Analysis, Middle East, Side Feature

Yemen War: A Balance of Interests

On 21st November 2018, Al Jazeera released a report stating that since the Yemen War started, 85,000 children may have died from starvation. This is but one of the reports which gives an insight into the horrific conditions in Yemen. A crisis which is considered to be the largest humanitarian crisis today.

The Special Envoy for the Secretary-General for Yemen proudly announced that the situation in Yemen has never received so much ‘international attention’, that it no longer needs to be referred to as ‘the forgotten war’. But what difference does international attention make? It hasn’t brought about change or solved the situation. People are dying, unable to access the aid that they desperately need, unable to get the medical assistance that they desperately need.

All of this is happening as the United Nations announces it has managed to bring the parties involved in the crisis to the negotiation table. The people of Yemen are enduring horrific circumstances. In response, the United Nations, an organization which vowed to protect humanity from the ‘scourge of war’, is simply trying to negotiate with the people who are launching air strikes, airstrikes which the United Nations accepts is the cause of thousands of deaths. For them it’s enough to negotiate with the very parties who are behind the deaths of approximately 130 children every day (Save The Children).

Is this truly an achievement? And if it is all that the victims of the Yemen War can hope for, isn’t it time to realize how truly flawed the current system is?

The advocates of the Western system will argue that there is a limit to what the United Nations can do, citing several liberal concepts such as state sovereignty, as if that is a suitable excuse for allowing the deaths of hundreds of thousands of people.

The efforts for the ceasefire stalled. The efforts to send aid is limited due to the political situation in the country. A situation which is caused by the involvement of 11 countries, including Saudi Arabia. The US, France and UK are suppling the warplanes, intelligence and the munitions to the Saudi air force, allowing for the death of 2/3 of the civilian deaths (The United Nations High Commissioner for Human Rights). The US government is also launching airstrikes on Yemen, and have admitted to having deployed troops on the ground.

Why is this relevant? Well, the US, UK and France are members of the United Nations Security council. A council which is effectively the most powerful body in the United Nations, which has had the power to stop several conflicts since it’s establishment in 1945 but hasn’t due to their strategic interest. Yemen is an area of strategic interest as it is an important link to the world’s oil shipment pass.

The United Kingdom, a permanent member of the United Nations Security Council, has recently brought the situation in Yemen before the Security Council, circulating a resolution amongst the 14 other members. According to the CBS News, this resolution calls for the cessation of the hostilities for areas around the Port of Hodeida and calls for the removal of barriers to the delivery of humanitarian aid. It also calls of the parties involved in the war to cease all attacks on densely populated civilian areas across Yemen and to cease all missile and UAV attacks against regional countries and maritime areas.

However, according to the Guardian, it is still unclear when the vote for the resolution will take place or what the member states will do. It is also important to realize that the resolution simply aims to ‘pave the way’ to ‘talks’ and that it is a short-term measure, with the cease fire being applicable for two- horrifically short weeks.

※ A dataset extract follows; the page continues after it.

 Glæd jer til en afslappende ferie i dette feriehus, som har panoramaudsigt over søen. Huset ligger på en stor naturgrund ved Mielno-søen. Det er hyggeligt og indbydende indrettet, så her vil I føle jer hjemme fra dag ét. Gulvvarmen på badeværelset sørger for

What’s ridiculous is that these talks were said to have stalled following the Saudi Prince expressing his discontent at the conditions. The international community has accepted that Saudi will demand that the amendments be made to the resolution before they will consider accepting it. These ‘talks will delay the aid which the Yemeni population is in desperate need of. According to the BBC, approximately 17.8 million people do not know where their next meal is coming from and 8.4 million are considered at risk of starvation. Severe acute malnutrition is threatening the lives of almost 400,000 children under the age of five.

Why are the interests of one country being used as an excuse to stop the crisis in Yemen? The answer is simple, the financial interests of the international community overweighs the lives of the hundreds of thousands of people suffering in Yemen. The United States and United Kingdom are amongst the largest exporters of arms to the Middle East, the Saudi government is the 2nd largest importer of those exports. The UK and USA are joined by Russia, France and China in being the largest arms exporters in the world (the Guardian).

These statistics are important to keep in mind, as these states are the ones with the power to supposedly bring change in the Western world. These statistics and the reality of the crisis across the Muslim World, including Yemen, is testament to the fact that the use of this power is determined by their financial and strategic interests. As such, people need to understand that whether or not, the vote takes place nothing will change. The system is being run by the very states that are benefiting from it.

We need to change the system; rid the world of the United Nations who act as a front for state interests and create an illusion that the Western states have any interest in protecting humanity.

إِنَّ اللهَ لَا يُغَيِّرُ مَا بِقَوْمٍ حَتَّى يُغَيِّرُوا مَا بِأَنْفُسِهِمْ

“Allah will not change the condition of a people until they change what is in themselves.”